Читаем без скачивания Приди в мои сны - Корсакова Татьяна Викторовна
Шрифт:
Интервал:
Закладка:
Она не испугалась, она просто не понимала, что происходит, какое такое дело связало ее мужа с эти подонком. Это непонимание делало ее слабой и беспомощной, а к такому Евдокия не привыкла.
– Любишь ее? – Злотников посмотрел на Евдокию удивленно, словно видел впервые в жизни. – Это хорошо. Для меня хорошо. Любящий человек слаб и уязвим. Не видел я в этой жизни большей глупости, чем любовь, но сила ее меня, признаться, поражает. А про уговор я не забуду, хоть и дурь это несусветная, но ты же у нас гений, тебе всякая дурь дозволена. А если она меня, Сергея Злотникова, увековечит, так и пусть с ней. Денег хватит. Людишек в помощь бери сколько посчитаешь нужным, но с прожектом, или как это у вас там называется, не тяни. Жить я собираюсь долго, но вот долго ждать не люблю.
Он ушел, не прощаясь, не закрывая за собою дверь, и напуганный опасным гостем Рыжик не подал голоса.
Август тоже долго молчал. Сел за стол, сжал виски руками, закрыл глаза. Евдокия его не торопила.
– Дуня, сделай чаю, – попросил он тихим, незнакомым каким-то голосом и добавил заискивающе: – И самогонки… я знаю, есть у тебя самогонка. Так ты налей. Немного, одну рюмашечку только.
Она вздохнула и еще больше утвердилась в ненависти к Злотникову. До его прихода Август уже почти полгода ни капли в рот не брал. О чем же они разговаривали? Но рюмку все-таки налила, а бутылку спрятала, от греха подальше. Август опрокинул рюмку одним махом, крякнул, занюхал рукавом, не обращая внимания на придвинутые соленые огурчики, и только потом посмотрел в глаза Евдокии.
– Рассказывай, – попросила она и села напротив. – Зачем этот ирод приходил?
– Дуня, ты меня возненавидишь. – Берг выглядел несчастным и подавленным, а еще решительным, словно принял очень тяжелое и важное для себя решение.

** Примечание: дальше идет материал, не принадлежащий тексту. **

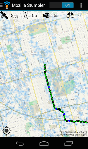 , our crowd-sourced location database. As you move around, the app "stumbles" upon new Wi-Fi networks and cell towers. The Mozilla Location Service combines these wireless network measurements to provide geolocation services for Firefox and other open source projects. For more information, visit our project page:

– Нет, – она покачала головой. Евдокия точно знала, что бы ни сделал Август, она все равно будет его любить. Некого в этом мире ей больше любить. – Рассказывай.
– Он меня нанял, – сказал Берг. – Предложил работу, и я согласился.
– Какую работу? – Не хотелось ей знать ответ. Разве мог Злотников предложить им что-то хорошее? Разве можно ему хоть в чем-то доверять?
– Он собирается построить дом, и ему нужен архитектор.
– Где?
– На Стражевом Камне…
Она ахнула, схватилась за сердце, и Август тут же сорвался с места, бросился к жене.
– Дуня, тебе плохо? – Он вглядывался в ее лицо, а его собственное было больным и бледным. – Прости, Дунечка, я знаю, что ты про меня думаешь. Это такое место, они там все… Нет их там больше, а остров как стоял, так и стоит. И Злотников там будет хозяйничать, хоромы свои строить.
– Он же уничтожает все, Август. – Евдокии хотелось кричать, но она из последних сил старалась говорить спокойно, и руку от груди убрала, чтобы не пугать мужа. – Он сначала их уничтожил, а теперь и память о них хочет стереть. Ты понимаешь это?
– Понимаю, – архитектор кивнул. – Все я прекрасно понимаю. Да только и ты меня пойми, постарайся понять. Я уже который год с этим борюсь, со снами, с шепотом змеиным. Мне башня каждую ночь, почитай, снится, я ее уже бессчетное количество раз в своих мыслях построил, я каждый камень в ней знаю, каждую трещину. Не понимаю я, Дуня, что это такое со мной происходит, но точно знаю, что если за строительство не возьмусь, конец мне придет. Дуня, я с ума сойду. Он меня с ума сведет.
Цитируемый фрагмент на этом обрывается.